*** Opening of GIVEN RECORDS ***

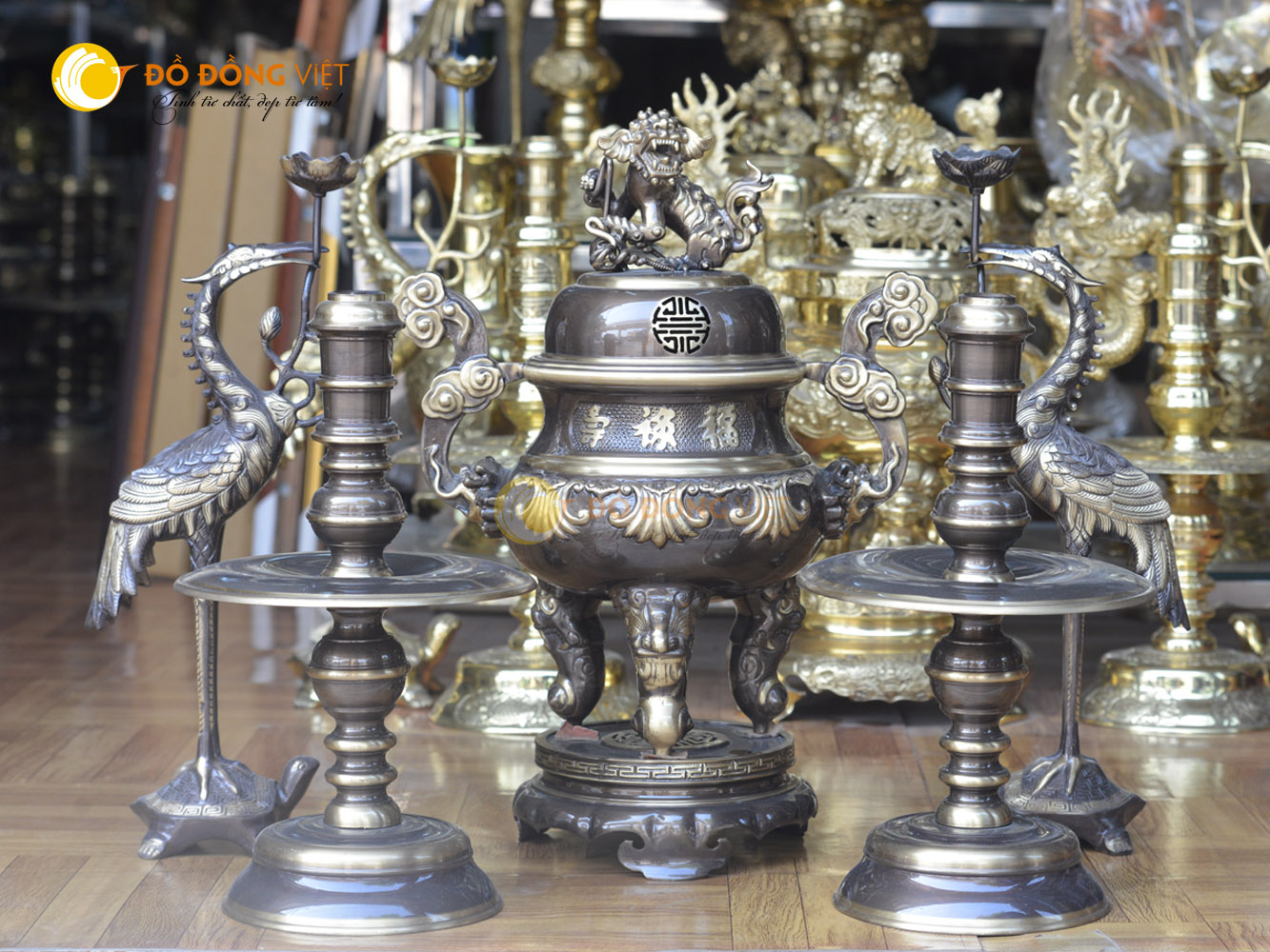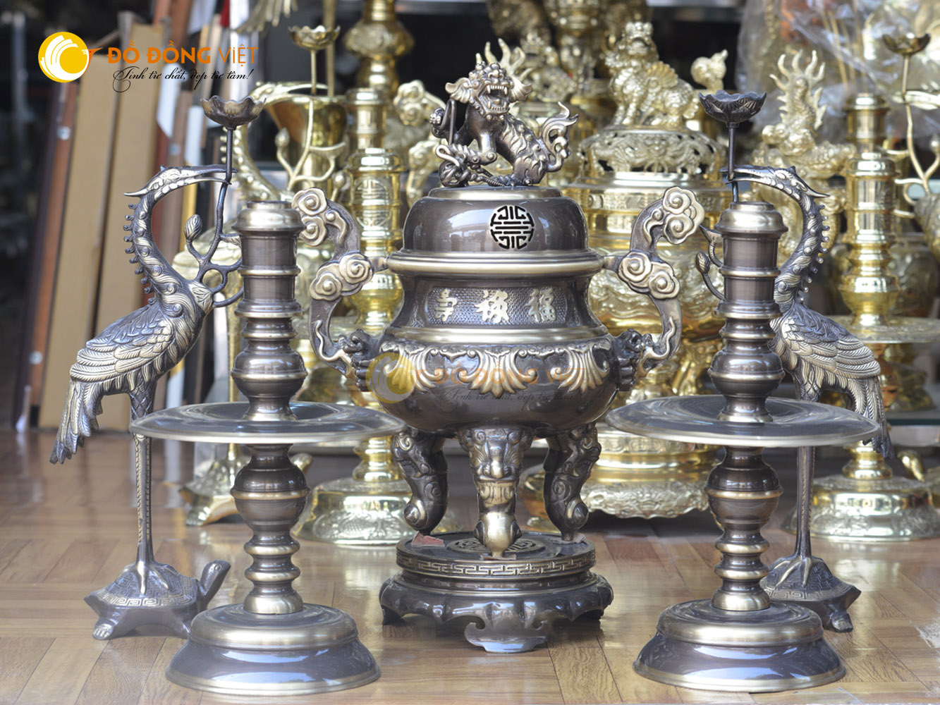 Đôi hạc đồng thờ cúng đi với bộ đỉnh đồng
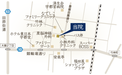 当院は、「済生会宇都宮病院」と「競輪場通り」の間に位置します。
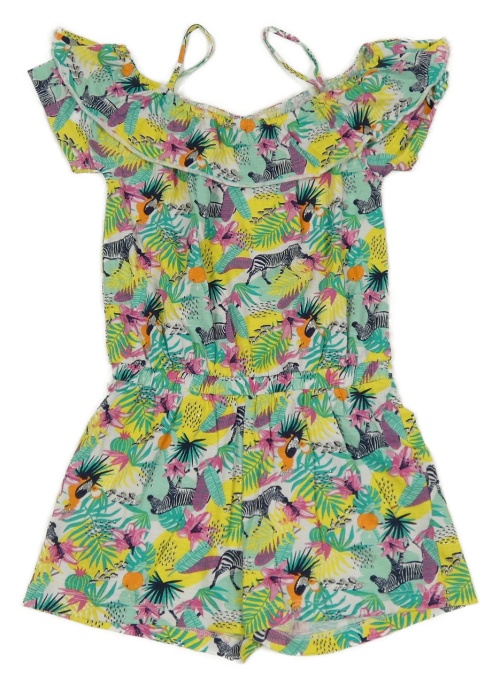 Bílo-barevný bavlněný kraťasový overal s listy a zebrami Kids
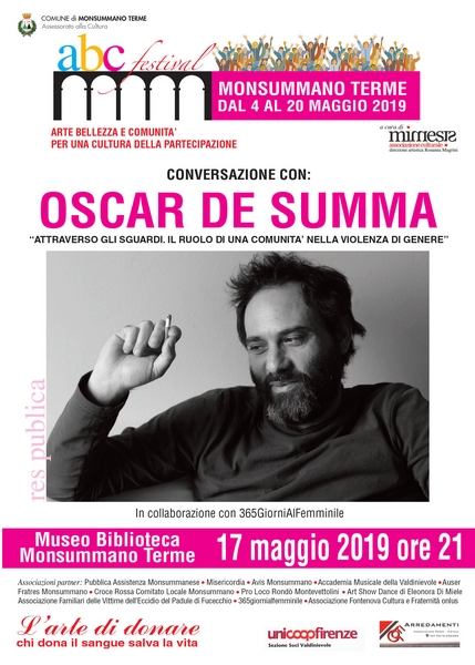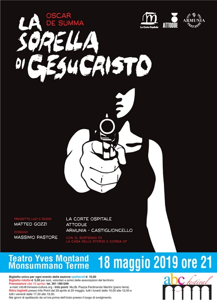 Gran finale per la prima edizione dell'Abc Festival in svolgimento a Monsummano Terme e che ospiterà, tra gli altri, nei prossimi giorni due spettacoli di assoluto rilievo. Oscar De Summa porterà in scena il pluripremiato "La sorella di Gesùcristo" (18 maggio ore 21,00 Teatro Yves Montand, posti disponibili Info 391 1861269), Lino Guanciale "Fuggi la terra e l'onde". De Summa porterà con il suo spettacolo l'attenzione di tutti sul tema del pregiudizio e della violenza sulle donne. La storia è quella di Maria, la sorella di Gesucristo che attraversa a piedi il paese impugnando una pistola per vendicare la violenza subita la sera prima. De Summa attraverso un racconto serrato fatto di parole, immagini e musica si immerge negli sguardi, nei pregiudizi, nei giudizi dando voce a tutti i personaggi che la protagonista incontra lungo la strada: la nonna, la migliore amica, la maestra, la madre di chi l’ha violentata, suo padre, l’autore dell’aggressione. Lo spettacolo sarà preceduto da una conversazione con l'autore (Mu.Bi piazza Martini, 17 maggio ore 21, tutti invitati a partecipare) in collaborazione con 365giornialfemminile. Il 20 maggio il festival ospiterà Lino Guanciale, fresco dei successi della fiction Rai "La Porta Rossa" e del suo personaggio il commissario Cagliostro. In "Fuggi la terra e l'onde", l’attore, attraverso letture che spaziano da anonimi cronisti arabi, passando per voci di migranti africani dei nostri giorni sino ai versi dall’Eneide Virgiliana, ci racconta una frastagliata ma profonda linea di congiunzione, quella della ricerca della salvezza e della felicità attraverso la sfida al mare.
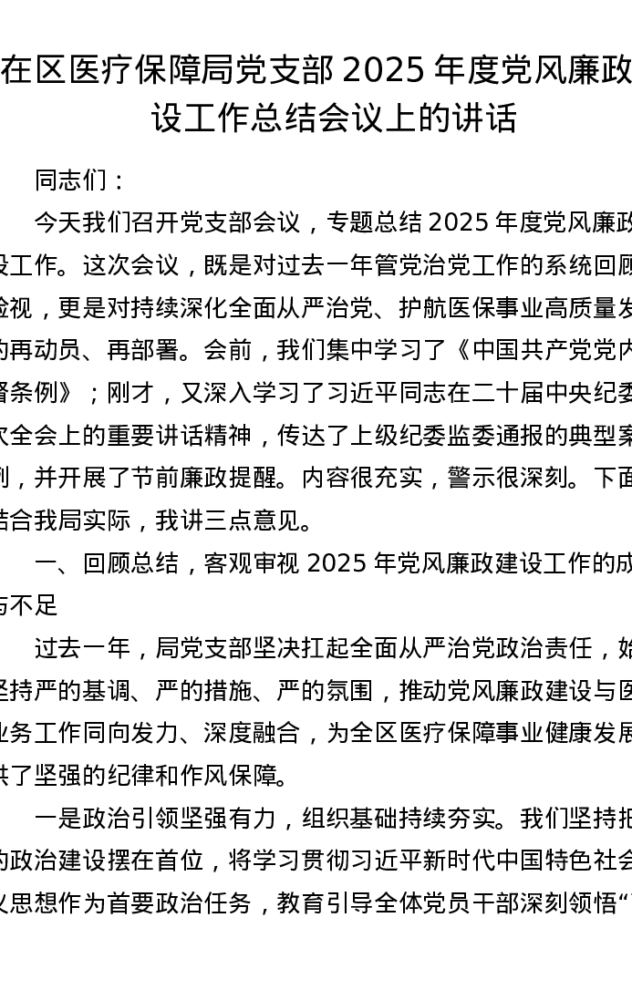在区医疗保障局党支部2025年度党风廉政建设工作总结会议上的讲话

*** Close of GIVEN RECORDS ***

§ **PROBLEM REQUIREMENTS**:
Please copy the records above word for word, omitting every picture.

§ **RESPONSE FOR THIS EXERCISE**:
 Đôi hạc đồng thờ cúng đi với bộ đỉnh đồng
 当院は、「済生会宇都宮病院」と「競輪場通り」の間に位置します。
 Bílo-barevný bavlněný kraťasový overal s listy a zebrami Kids
 Gran finale per la prima edizione dell'Abc Festival in svolgimento a Monsummano Terme e che ospiterà, tra gli altri, nei prossimi giorni due spettacoli di assoluto rilievo. Oscar De Summa porterà in scena il pluripremiato "La sorella di Gesùcristo" (18 maggio ore 21,00 Teatro Yves Montand, posti disponibili Info 391 1861269), Lino Guanciale "Fuggi la terra e l'onde". De Summa porterà con il suo spettacolo l'attenzione di tutti sul tema del pregiudizio e della violenza sulle donne. La storia è quella di Maria, la sorella di Gesucristo che attraversa a piedi il paese impugnando una pistola per vendicare la violenza subita la sera prima. De Summa attraverso un racconto serrato fatto di parole, immagini e musica si immerge negli sguardi, nei pregiudizi, nei giudizi dando voce a tutti i personaggi che la protagonista incontra lungo la strada: la nonna, la migliore amica, la maestra, la madre di chi l’ha violentata, suo padre, l’autore dell’aggressione. Lo spettacolo sarà preceduto da una conversazione con l'autore (Mu.Bi piazza Martini, 17 maggio ore 21, tutti invitati a partecipare) in collaborazione con 365giornialfemminile. Il 20 maggio il festival ospiterà Lino Guanciale, fresco dei successi della fiction Rai "La Porta Rossa" e del suo personaggio il commissario Cagliostro. In "Fuggi la terra e l'onde", l’attore, attraverso letture che spaziano da anonimi cronisti arabi, passando per voci di migranti africani dei nostri giorni sino ai versi dall’Eneide Virgiliana, ci racconta una frastagliata ma profonda linea di congiunzione, quella della ricerca della salvezza e della felicità attraverso la sfida al mare.
在区医疗保障局党支部2025年度党风廉政建设工作总结会议上的讲话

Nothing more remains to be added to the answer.